**WORK INSTRUCTIONS**
Please count how many lines below contain the word "prin" and reply with only that number.

Collection entries
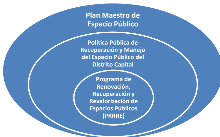
Gráfica 1. De lo general a lo particular.
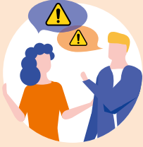
Aile ve Arkadaşlar, Komşuluk
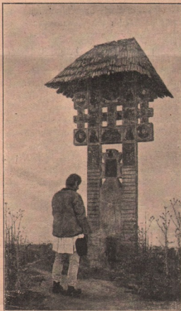
Un monument de artă țărănească: La cruce. Cinstitul și blândul Român și-a descoperit înaintea sfintei cruci capul și rămâne o clipă cu gândul dus la cele vecinice. Icoana Mântuitorului și a celorlalți sfinți de pe cruce, o crede atotputernică și-i cere ajutorul pe drumul, pe care a pornit.

Aceste două ilustrații le dăm după albumul de fotografii a domnului I. Voinescu, care a adunat o mulțime de monumente de artă populară, contribuind în nespus de mare măsură la conservarea acestor însemnate lucruri, cari oglindesc așa de viu talentul și hărnicia țărânului român. Meritul domnului Voinescu e îndeosebi mare, fiindcă dănsul, — când alți cărturari se interesează așa de puțin de viața artistică a poporului, — nu pregetă a cutreera satele în larg și 'n lat, și a prinde în mașina sa de fotografiat tot ce-i interesant, frumos și tipic popular, numai ca să treacă pe placa conservatoare aceste frumseți naționale și ca să ne deschidă și nouă ochii și să ne facă să vedem dibăcia fraților dela țară, ca apoi, în consecință, să-i știe prețuri mai mult și să ne fim mai dor a face de prin cele orașe câte o excursie la ei, cu scopul, de-ai povățui, a-i îndemna la lucruri din ce în ce
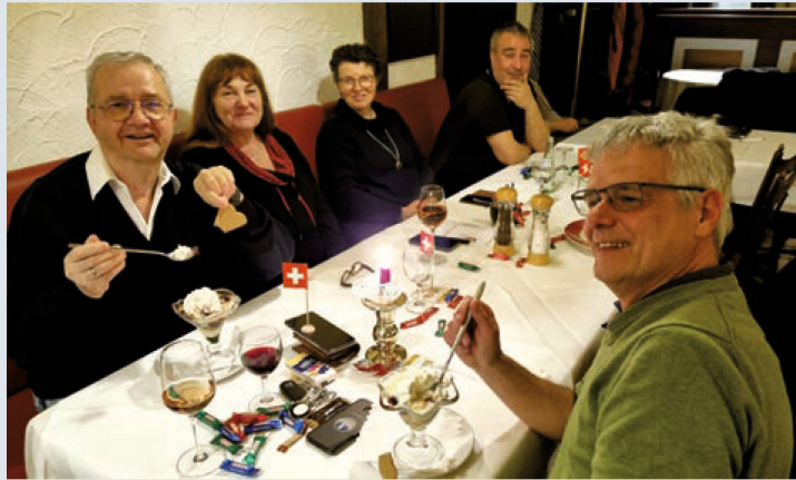
Eine Glace rundet das Mahl bei den Landsleuten im Ruhrpott ab.

Dürfen wir vorstellen: Der Schweizer Verein für Essen (Ruhr)
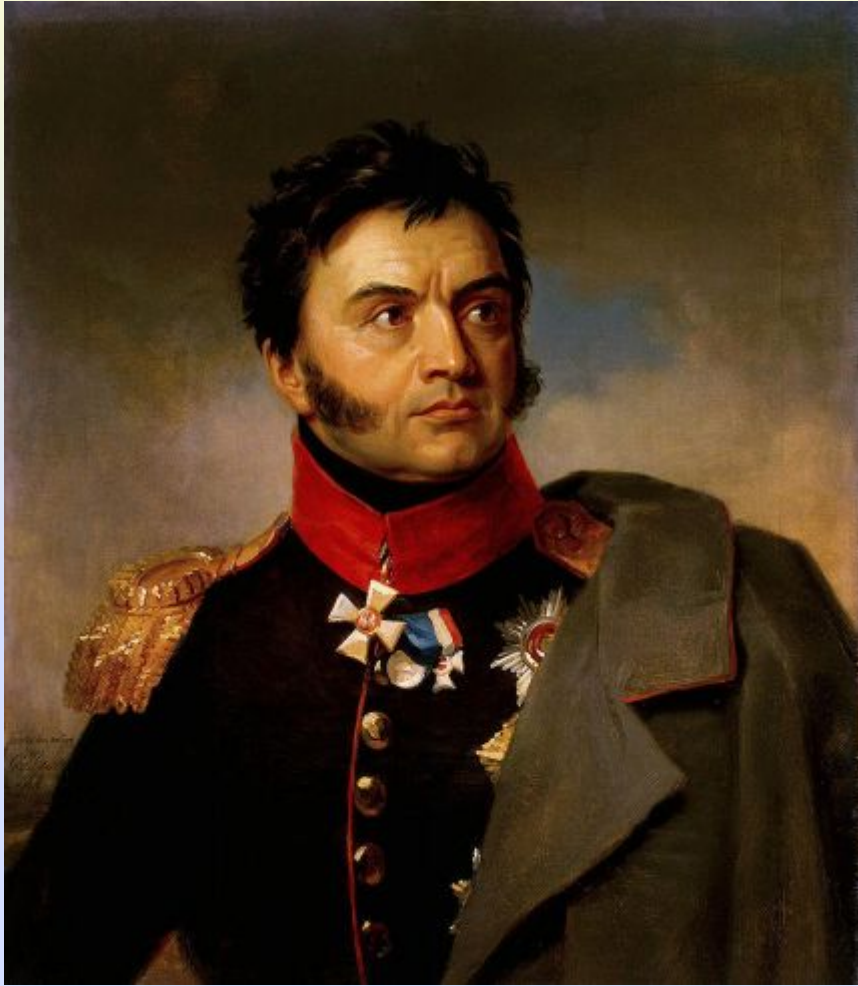
Раевский Николай Николаевич
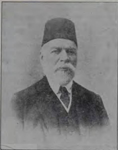
Șeful Albanezilor Beiu Ismail Kemal, sub conducerea căruia s'a proclamat în 23 Noembrie independența Albaniei.

Sfatul ușurel al berzelor tăcu. Cocostârcul își întinse aripile și se desprinsese lin de lângă cuib; pluti ca o umbră prin amurgul fumuriu și fetița ridică ochii spre el. Lipsi o vreme, apoi se întoarse, pe când seara umplea livada de taină, se roti deasupra șurei și se lăsa la cuib lângă baba lui. Amândouă pa-
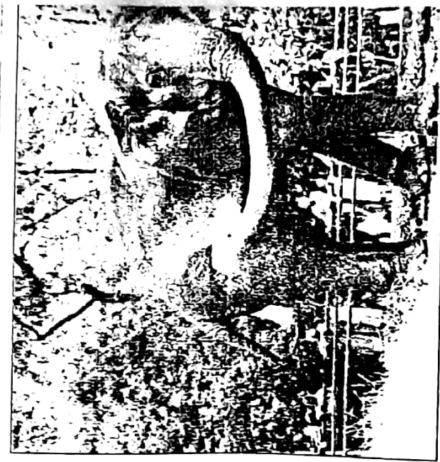
দেশের চলমান দাবিদাহে ইপিজেডে উঠেছে প্রাণিকুলও। তাই গরম থেকে বাচতে এক হাতি। ছবিটি গতকাল রাজধানীর জাতীয় চিড়িয়াখানা থেকে তোলা
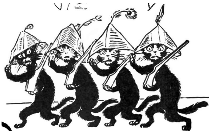
Caricatura a “Los Leopardos”, del famoso caricaturista Ricardo Rendón

“Era el más Leopardo, hasta en lo físico: con sus movimientos felinos y sus gestos nerviosos, con las frases que soltaba como un zarpazo. Fue también el más combativo hasta el final y el que escribió la historia del grupo. Utilizó la altanería y el desdén como arma en las controversias parlamentarias, en la prensa y las conversaciones privadas... Amó a Colombia con delirio y, como Villegas, encarnó toda una larga etapa de nuestra vida política... Ahora hacen falta en el panorama nacional personajes de esta clase; el vacío se nota. Con el leopardo más leopardo se enterró una leyenda, pero también una historia verdadera de valor civil y de arrogancia ciudadana”. - Carlos Lleras Restrepo.
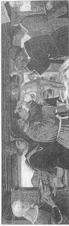
20. Candellino da Rocco d'Azzi, Martirio di Simovino , tempera su tavola, fine XV sec., Gerusalemme, Museo Israel.
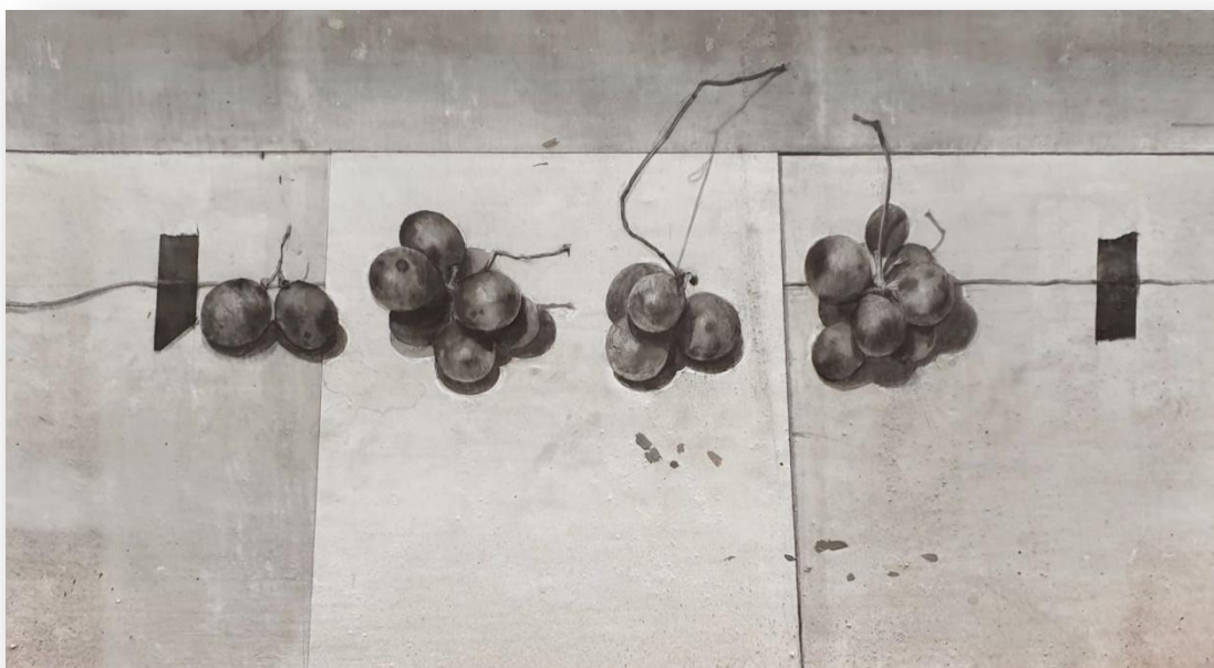
Laura Ríos "Uvas y cordel" Grafito sobre cartón 28,5 x 48,5
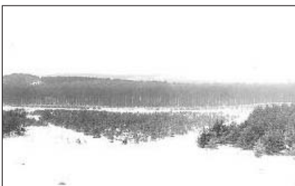
1963-as látkép a 32. köröndtől É felé. Jobb közepén a Lisenko-fenyves

**EXERCISE ANSWER**
2